WHAT NEEDS TO BE DONE
Would you output the listing exactly, with every image omitted?

RECORDED DATA
--- START ---
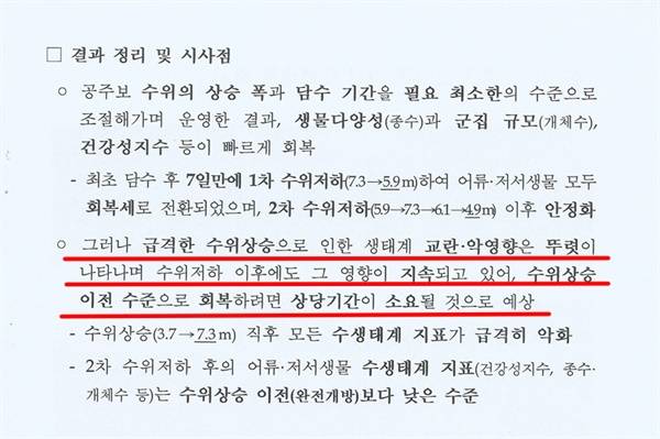 환경부는 2021년 백제문화제 사후 모니터링을 하면서 "급격한 수위 상승으로 인한 생태계 교란 악영향은 뚜렷이 나타나며 수위 저하 이후에도 그 영향이 지속되고 있어, 수위 상승 이전 수준으로 회복하려면 상당 기간이 소요될 것으로 예상되고 흰수마자, 흰목물떼새 등의 멸종위기종 서식과 모래톱 생태계에 문제가 발생했다"고 보고하기도 했다.
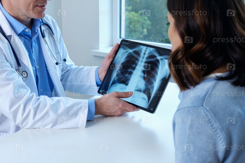 Кавказская женщина молодой взрослый консультирующий врач во время обзора рентгеновского луча грудной клетки
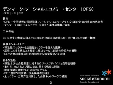 さて、デンマーク・ソーシャルエコノミー・センターですが、私たちはソーシャル・エンタープライズであり、独立した機関であります。私たちは政策的なサポートを行い、アドボカシーを行い、また中間的組織としてソーシャル・エンタープライズを助け、そして政府に対して政策提言を行っている機関であります。
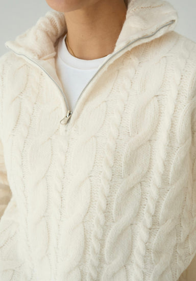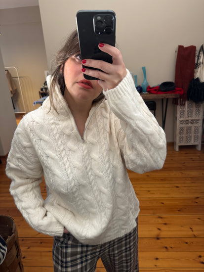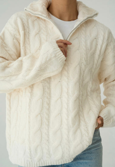 Standart beden önden yarım fermuarlı saç örgülü kazak
--- END ---
RESULT FOR THIS EXERCISE
 환경부는 2021년 백제문화제 사후 모니터링을 하면서 "급격한 수위 상승으로 인한 생태계 교란 악영향은 뚜렷이 나타나며 수위 저하 이후에도 그 영향이 지속되고 있어, 수위 상승 이전 수준으로 회복하려면 상당 기간이 소요될 것으로 예상되고 흰수마자, 흰목물떼새 등의 멸종위기종 서식과 모래톱 생태계에 문제가 발생했다"고 보고하기도 했다.
 Кавказская женщина молодой взрослый консультирующий врач во время обзора рентгеновского луча грудной клетки
 さて、デンマーク・ソーシャルエコノミー・センターですが、私たちはソーシャル・エンタープライズであり、独立した機関であります。私たちは政策的なサポートを行い、アドボカシーを行い、また中間的組織としてソーシャル・エンタープライズを助け、そして政府に対して政策提言を行っている機関であります。
 Standart beden önden yarım fermuarlı saç örgülü kazak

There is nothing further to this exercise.